通常の大名家の姫君であれば、咄嗟の殺気に反応して懐剣を抜くことなど出来ない。
だが綾は現在殺気の中で生活している。考えるより先に居合が出てしまうのだ。


「会津では姫君を浪人集団の中に混ぜるのか?とんだ田舎の犬よ」


吐き捨てられた言葉に、反論することは出来なかった。
姫であることも、新選組の隊士であることも、どちらも否定は不可能だと悟った。
昼間に二条城の廊下を歩いているところを見られたし、池田屋では実際刀を構えて向き合っている。
しかも先ほど千鶴が、“綾さん”と呼んでしまった。蓮尚院様、ではなく、本名をさん付けだ。


落ち着けと、自分に言い聞かせる。
場を切り抜けねばならない。冷静にならなくてはならない。


「風間殿、取引をいたしませんか」
「取引?」


風間の眉が歪む。目には好奇が浮かんでいた。


「あなたが池田屋にいたこと、私は会津の者にも、勿論幕府の方にも話しておりません。これより先も話さぬとお約束しましょう。
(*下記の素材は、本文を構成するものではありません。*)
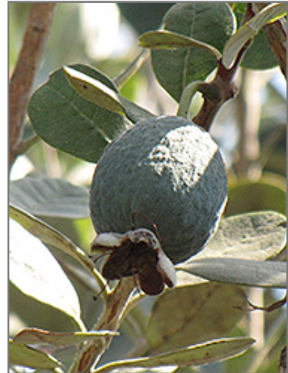
Mammoth Pineapple Guava fruit
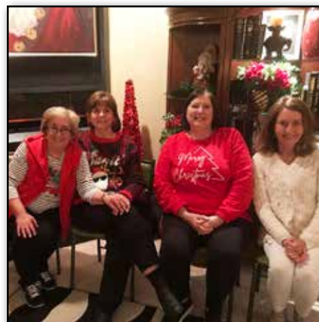
Beta Xi Chapter came together on December 7th for a meeting and Christmas Party. (More pictures on page 6)
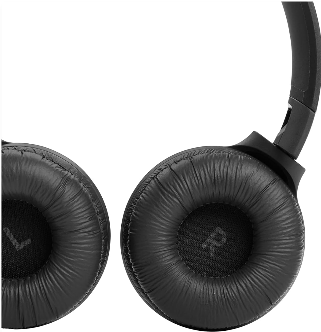
Image: A close-up view of the left and right earcups, indicating proper wearing orientation.
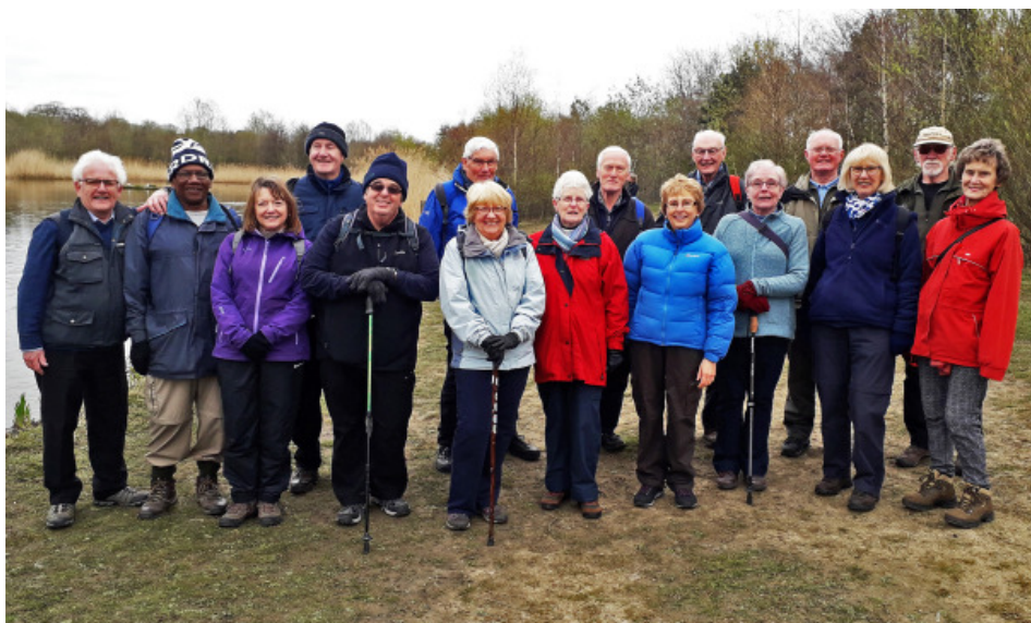
Lanchester Mid-Week Walking Group enjoying the fresh air and gentle exercise in our beautiful local area.
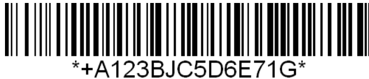
Figure 1. Code 128

Shown below are examples of the symbols for the HIBC LIC Primary Data Structure.
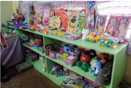
The toys donated for kindergarten students of Dulong Bayan Elementary School, San Mateo, Rizal, Philippines
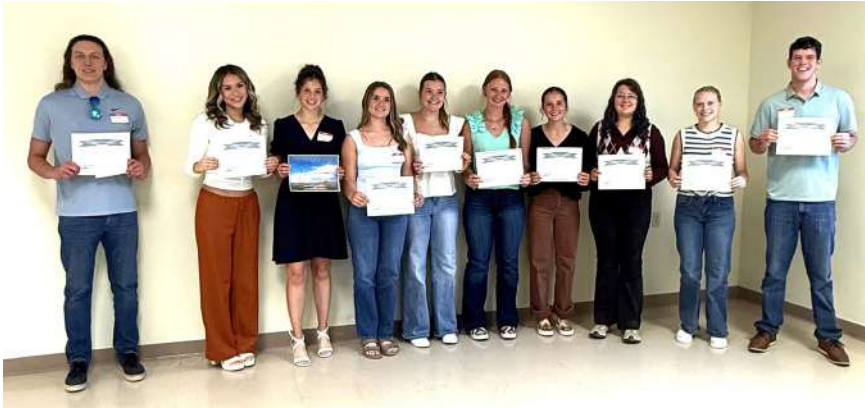
SECPA's 2026 scholarship recipients at the annual meeting in April.
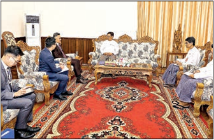
MoFA Union Minister receives Thai Ambassador

Yangon palm oil reference price set at K6,520 per viss
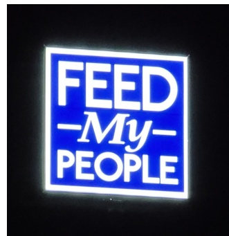
High Ridge's new sign.
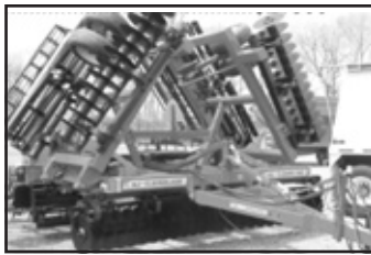
Large selection of new & used reel disks on hand, 14' through 44', CALL FOR AVAILABILITY!
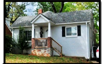
1936 Woodcrest Ave
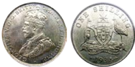
397 1934. Good strike and hard to find in this grade. PCGS graded and cased MS 64. Ch.UNC/GEM

代わりに、」
「会津の姫君が、事もあろうか新選組に属しているということを、口外せぬように、か?」
「左様です」


真意を探るよう風間は綾の瞳を覗きこむ。
互いの息がかかりそうな程近寄ったが、綾は引かなかった。


直ぐに風間は軽く笑うと、ふっと後ろに飛び退く。
そして今度こそ刀を納めた。


「よかろう。取引成立だ」
「ありがとうございます」


綾も懐剣を鞘に納める。
顔面を蒼白にした千鶴が駆けよってきた。


風間は塀の上から、そんな千鶴に目を向けた。
口元には笑みが浮かんでいる。


「いずれまた近いうちに会いに来る。待っていろ」
「…」


目を見開いた千鶴を尻目に、風間は仲間を連れて去る。
その身軽さに綾も、ここまでなのかと唇を噛んだ。